Petikan SK yang diserahkan secara simbolis oleh Wali Kota Pasuruan, Adi Wibowo.
KOTA PASURUAN, BANGSAONLINE.com -Sebanyak 1.966 Pegawai Pemerintah dengan Perjanjian Kerja (PPPK) Paruh Waktu di lingkungan Pemkto Pasuruan resmi menerima Surat Keputusan (SK) pengangkatan. Penyerahan SK ini merupakan implementasi kebijakan baru dalam sistem Aparatur Sipil Negara (ASN) sesuai Peraturan Kementerian PANRB Nomor 16 Tahun 2025.

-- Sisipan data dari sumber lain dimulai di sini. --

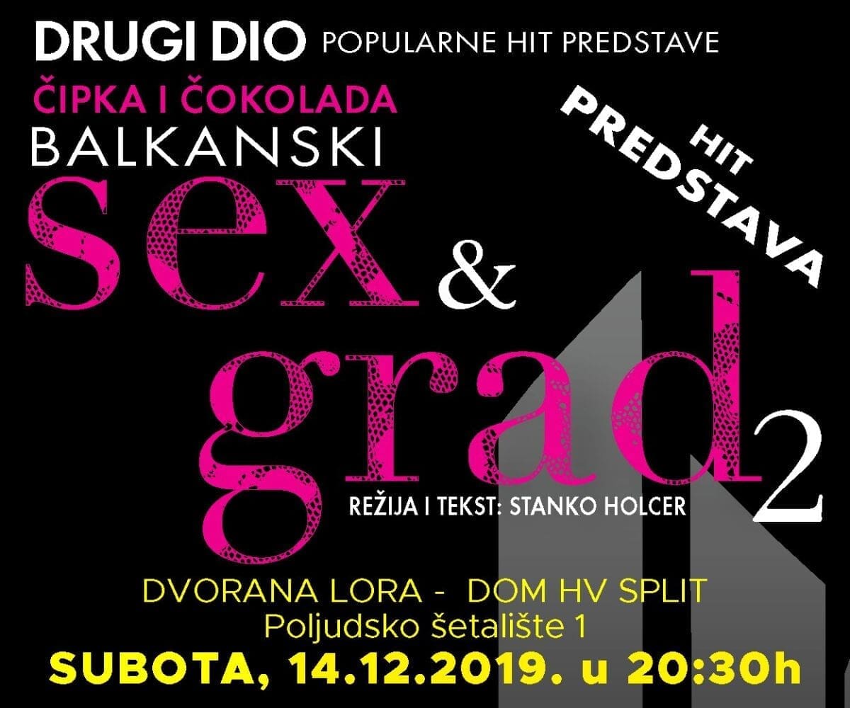 Predstava „Balkanski seks i grad, čipka i čokolada 2“ – drugi dio, održat će se u subotu, 14.12.2019., u 20,30 sati, u Dvorani Lora – Dom HV-a Split.

Petikan SK diserahkan secara simbolis oleh Wali Kota Pasuruan, Adi Wibowo, kepada perwakilan PPPK Paruh Waktu pada Rabu (24/12/2025) di halaman Gedung Kesenian Dharmoyudho. Acara turut dihadiri jajaran pejabat terkait.
Dalam sambutannya, Adi mengajak hadirin mendoakan korban bencana di Aceh dan Sumatra. Ia menegaskan bahwa PPPK Paruh Waktu merupakan kategori baru ASN yang tidak semua daerah mampu menerapkan.

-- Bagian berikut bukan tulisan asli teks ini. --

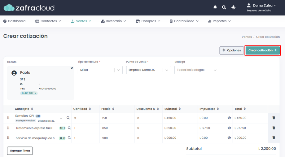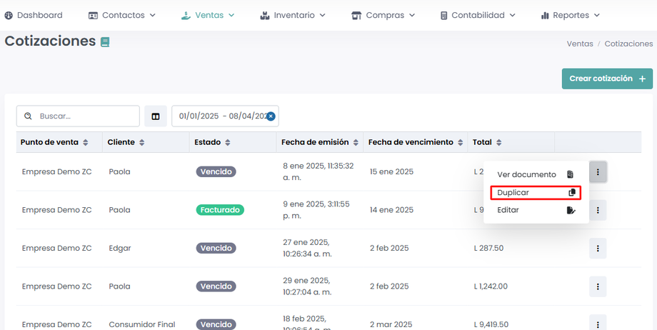 Nos aparecerá la cotización duplicada, podremos hacer diferentes modificaciones como lo es el cliente, tipo de factura, cantidad, entre otros y luego daremos en “Crear cotización+”.

“Di Kota Pasuruan, kami—saya, Pak Wakil Wali Kota, Pak Sekda, dan segenap DPRD—memiliki komitmen bersama. Karena Bapak-Ibu sudah bertahun-tahun mendedikasikan diri untuk Kota Pasuruan, maka dengan segala keterbatasan anggaran, kami tetap mendorong seluruh pegawai non ASN dapat menjadi PPPK Paruh Waktu,” ucapnya.
Ditekankan pula pentingnya peningkatan PAD untuk kesejahteraan pegawai.
“Mari bekerja bersama-sama agar PAD Kota Pasuruan meningkat, sehingga kesejahteraan Bapak-Ibu juga semakin baik. Untuk itu, bekerja keras dan bekerja maksimal menjadi kunci,” imbuhnya.
Ia juga mengingatkan agar integritas, disiplin, dan profesionalisme dijaga sebagai fondasi utama ASN. Pemerintah, lanjut Adi, menyiapkan mekanisme evaluasi kinerja. PPPK Paruh Waktu yang berprestasi berpeluang diangkat menjadi PPPK Penuh Waktu.
“Pemerintah akan melakukan evaluasi kinerja. PPPK Paruh Waktu yang bekerja dengan prestasi cemerlang akan diangkat menjadi PPPK Penuh Waktu di masa yang akan datang,” ujarnya.